### [Try it]
After locating the line containing "2021年4月8日上午,ba" in the entries below, please write out that line and the rest through the end exactly. Omit pictures.

====== Record excerpts ======

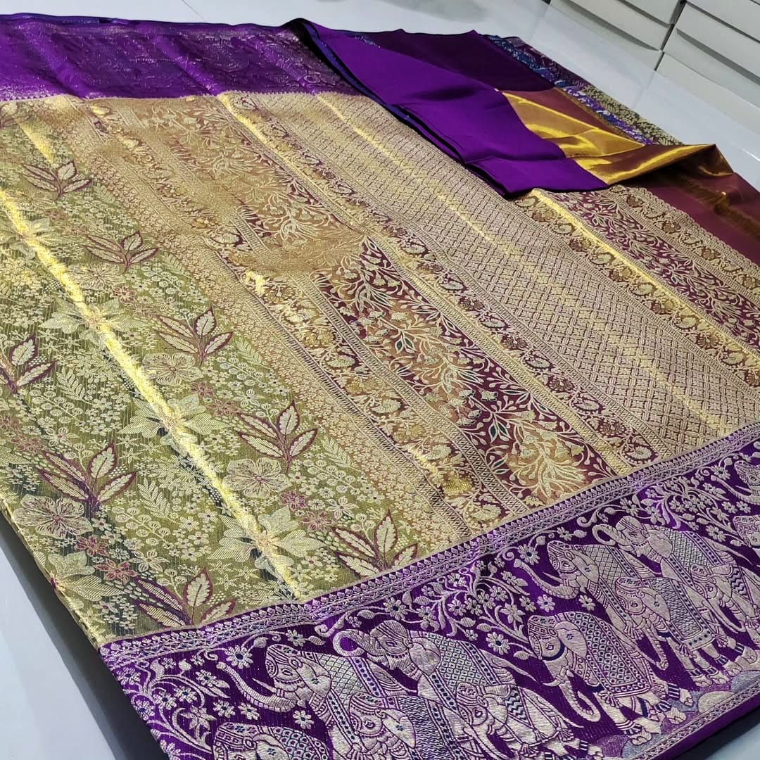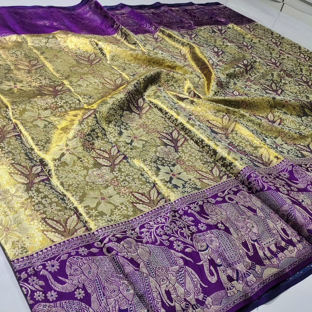 Designer pure kanchipattu tissue edge-to-edge resham warp meenakari brocade designs
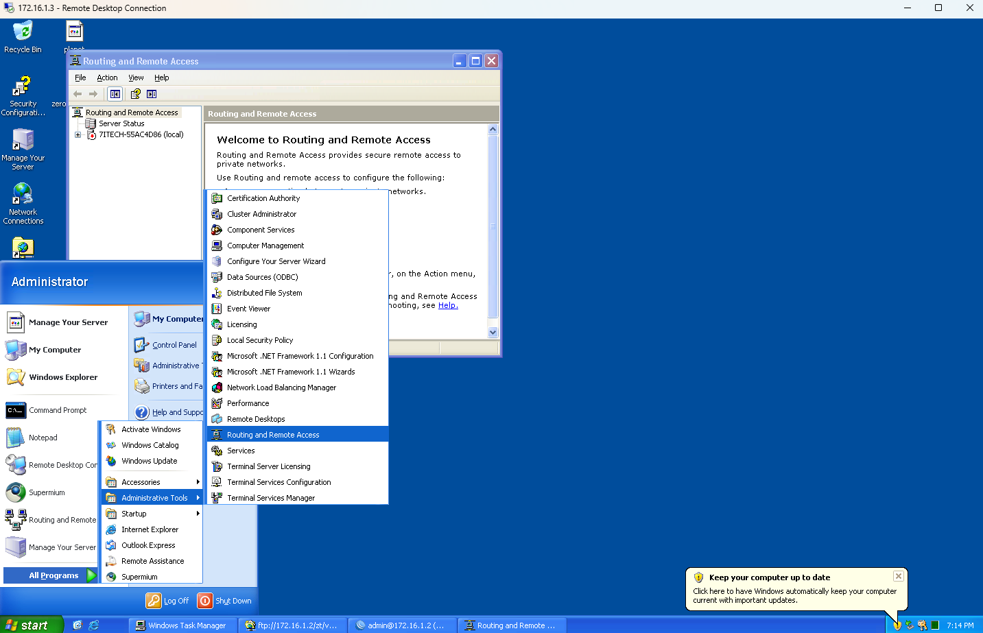 另外还有一个方法,来实现不需要虚拟机的NAT转发,就是使用Windows自带功能(WIN2003自带,更高系统需要在服务器管理器安装)。这个功能叫做:路由和远程访问(Routing and Remote Access)。
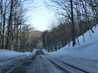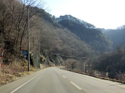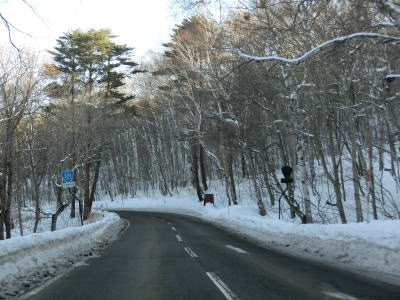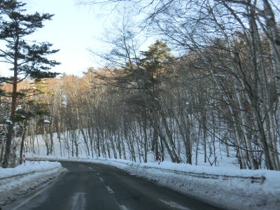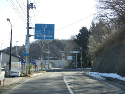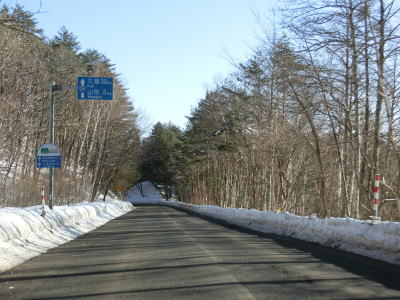 | 久慈市に入った直後から幅員が若干狭くなる。路側帯が狭くなった程度だが積雪期は雪壁との距離が短くなるためさらに狭く感じられる。峠を越えて北向きの斜面となるためか、葛巻町側よりも積雪が多く路面には残っている雪も見られた。 | ||
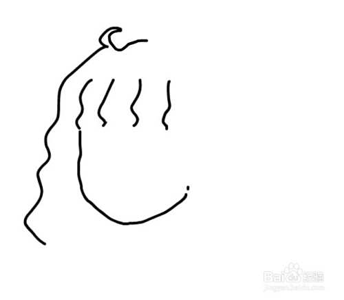 首先画女孩的头发,弯弯曲曲像波浪一样画。
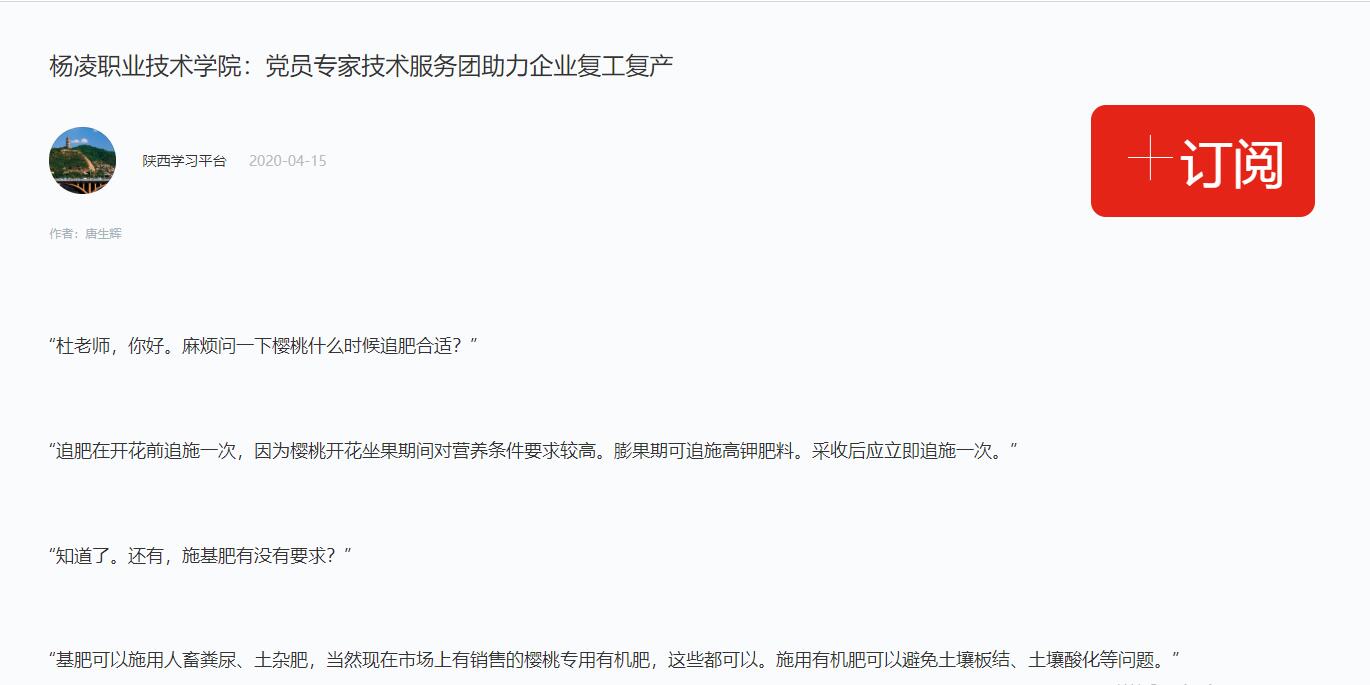 据了解, 350vip浦京集团官网党员技术服务团的党战平、赵俊侠、尚晓峰、杨振华等6名党员专家教授,亢菊侠、张雯、张迪、吴宽、冯帆等8名青年博士党员,先后走访了杨凌中翼农化有限公司、杨凌千普农业开发有限公司、陕西大唐种业股份有限公司等10余家企业,为企业复工复产提供技术咨询和服务,其中8名博士每人对接一家企业,帮助企业解决遇到的技术难题。
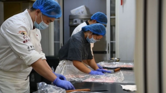 菏泽牡丹栽培始于隋唐,至今已有1500多年的历史。文旅产业持续升温,也带动了牡丹特色产品的消费热潮。在菏泽市区的一家蛋糕房里,糕点师们正在制作一款富有牡丹元素的食品。
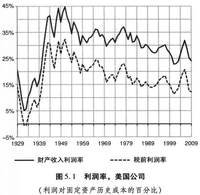 我的利润和利润率数据涉及美国经济的全部公司部门;因此,它们既包括金融公司的利润,也包括非金融公司的利润。本节后面,我将讨论美国跨国公司对外投资的盈利能力,但除非另有说明,我的分析只涉及被BEA称做的“国内的”公司。(因为这两组数据严格说来不可比较,它们需要分开来讨论。)国内数据包括总部设在外国的公司(foreign-based corporations)从它们在美国的运营中获得的利润和它们位于美国的固定资产,但排除总部设在美国的公司(U. S.-based corporations)来自于国外的利润和它们位于国外的固定资产。因此,我所说的“美国公司(U. S.corporations)”,应当被理解为一个地理概念,它指的不是公司的“国籍”。
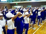 本日は3校時に運動会の全体練習が行われました。気持ちのよい青空の下,全校で入場行進やラジオ体操,開閉会式の練習を行いました。各学年で練習してきたことを生かして,元気よく,きちんと行動することができました。6年生の先導や進行も大変立派でした。
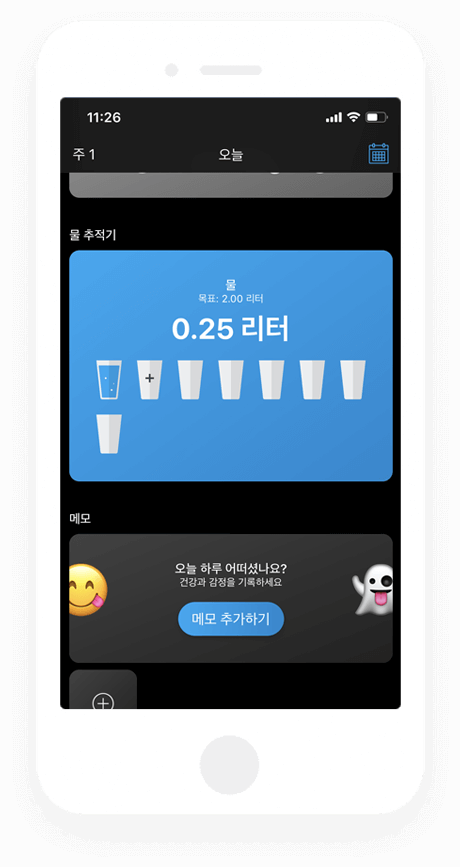 다음으로 활동내역을 알수 있어요. 활동내역은 만보기 기능을 연결하거나 아이폰의 건강기능을 연결할수 있어요. 추가로 각종 운동을 연결해서 소비된 칼로리를 확인할수 있어요. 그 밑으로 현재 체중과 섭취한 물의 양을 기록할수 있어요.
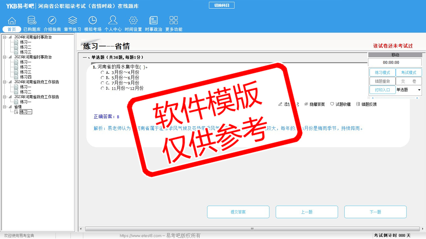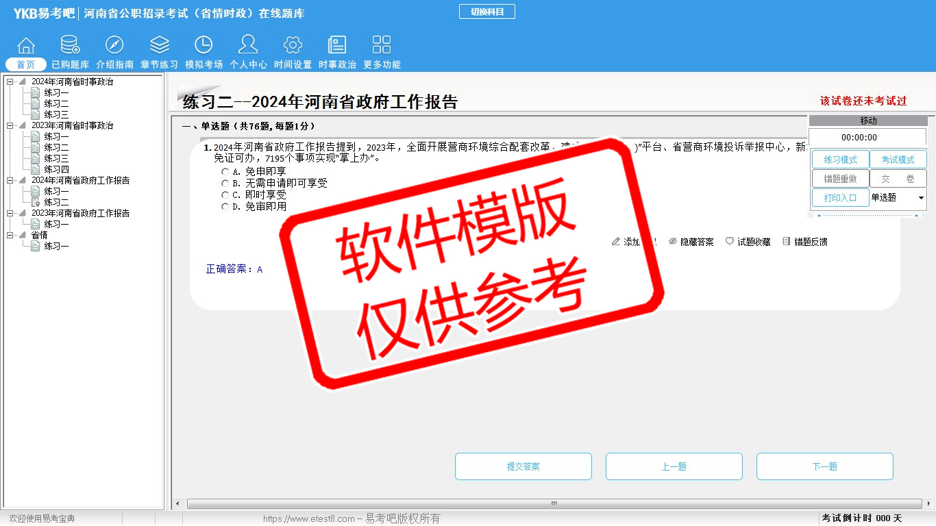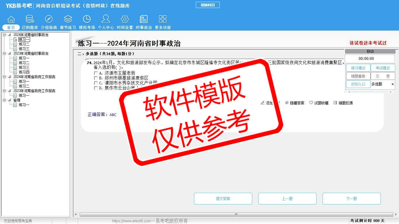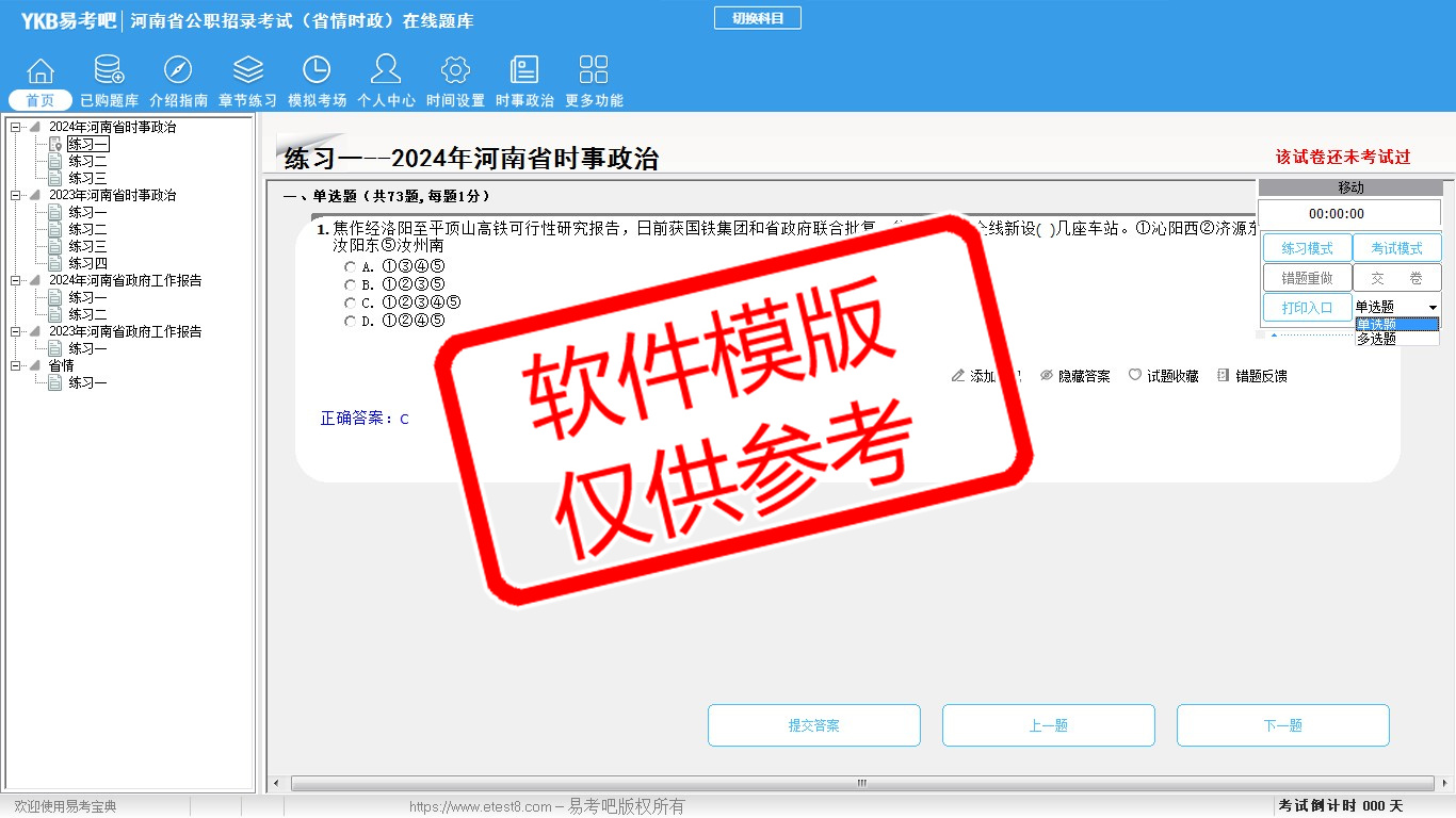 2026年河南省公职招录考试时政热点(省情时政)易考宝典软件(手机/网页版)是《易考宝典》考试系列软件之一,是专门为参加“时政省情职业资格考试”的朋友量身定做的自我测试系统,是个人、培训学校进行考试前训练、备考冲刺的提分技巧考试平台,题型丰富,图文并茂,内容全面,题库设计符合考试新大纲,海量试题。软件包括了富有价值的模拟考场,有计时打分等功能,就像亲身体会考试一样。
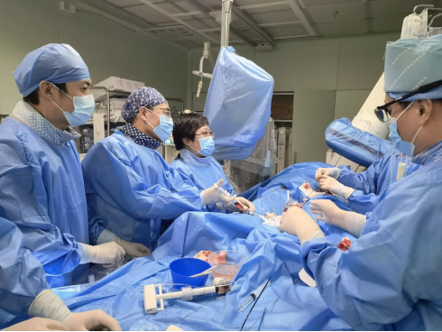 “继续按压,不要放弃,还有机会。”导管室里弥漫着紧张的气氛,所有医护人员严阵以待,各司其职,为随时可能出现的突发状态做好万全的准备,有条不紊地配合着医生进行这场与死神抢人的“战斗”。
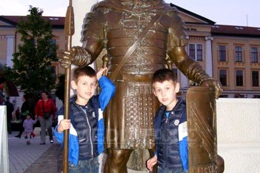 În aceeaşi zonă o familie îşi supraveghează copii care, costumaţi în soldaţi romani, se joacă pe platoul din faţa statuii lui Mihai Viteazul.
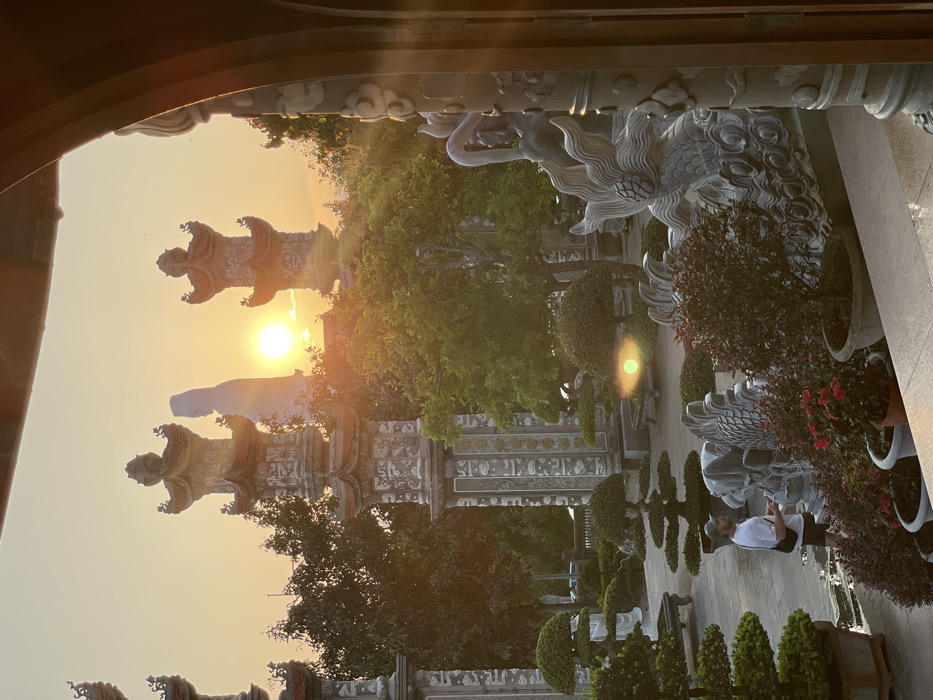 - "The image depicts a meticulously maintained temple garden at Linh Ung Pagoda on Son Tra Peninsula, Da Nang, Vietnam, during golden hour, likely sunset, characterized by warm, low-angle sunlight" by FM-CmfrU2, licensed under CC BY 4.0
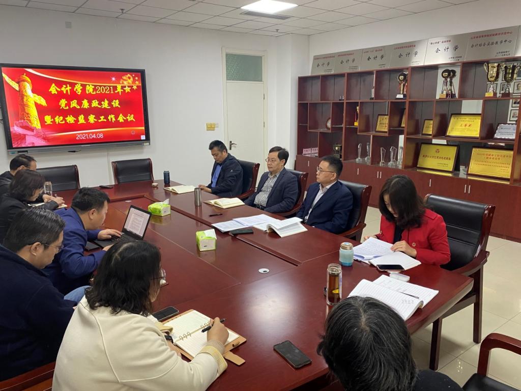 2021年4月8日上午,bat365官方官网在逸夫楼Y309会议室召开2021年党风廉政建设暨纪检监察工作会议,会议由学院党委书记邵文涛主持,学院领导班子成员、院长助理、教辅行政人员等参加会议。会议旨在深入学习贯彻中央纪委十九届五次全会、省纪委十一届六次全会,以及全国、全省教育系统全面从严治党工作视频会议精神,同时会议通报了学校《2021年党风廉政建设暨纪检监察工作要点》要求,并对今年纪检监察重点工作进行讨论和部署。
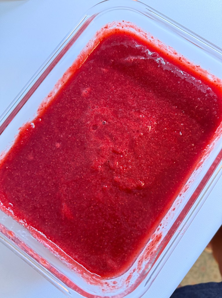 -1/2 cup finely chopped (with juice) or pureed strawberries
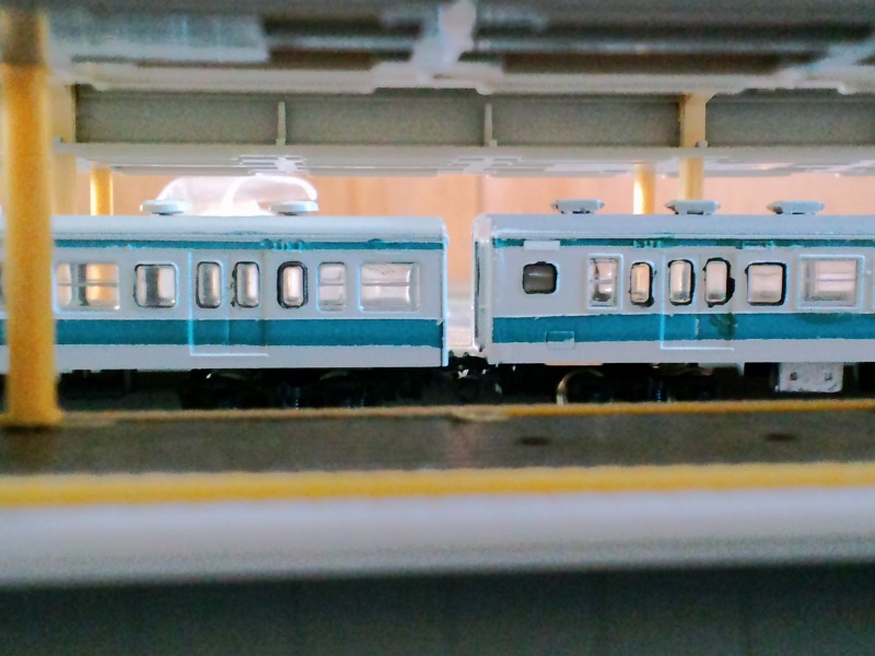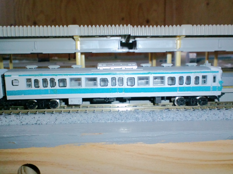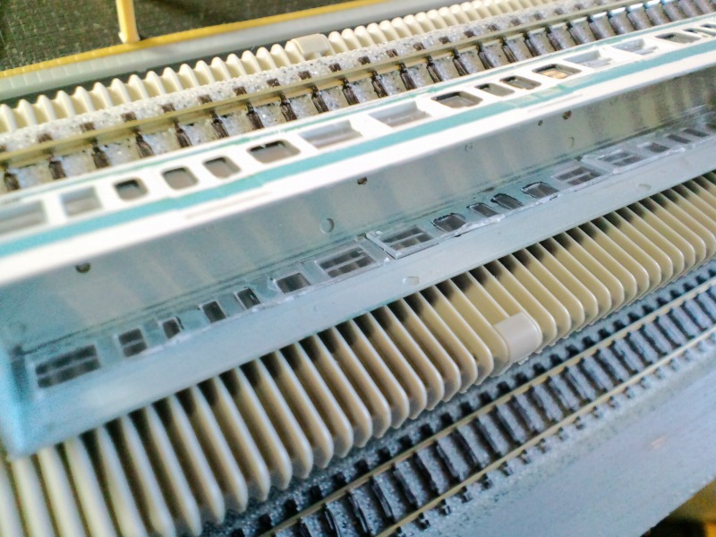 モハ112-5333(動力車)はリブを切り落としてガラス下端を限界まで切り詰めてKATO動力を入れられるようにしています。

======

### [Result of the task]
 2021年4月8日上午,bat365官方官网在逸夫楼Y309会议室召开2021年党风廉政建设暨纪检监察工作会议,会议由学院党委书记邵文涛主持,学院领导班子成员、院长助理、教辅行政人员等参加会议。会议旨在深入学习贯彻中央纪委十九届五次全会、省纪委十一届六次全会,以及全国、全省教育系统全面从严治党工作视频会议精神,同时会议通报了学校《2021年党风廉政建设暨纪检监察工作要点》要求,并对今年纪检监察重点工作进行讨论和部署。
 -1/2 cup finely chopped (with juice) or pureed strawberries
 モハ112-5333(動力車)はリブを切り落としてガラス下端を限界まで切り詰めてKATO動力を入れられるようにしています。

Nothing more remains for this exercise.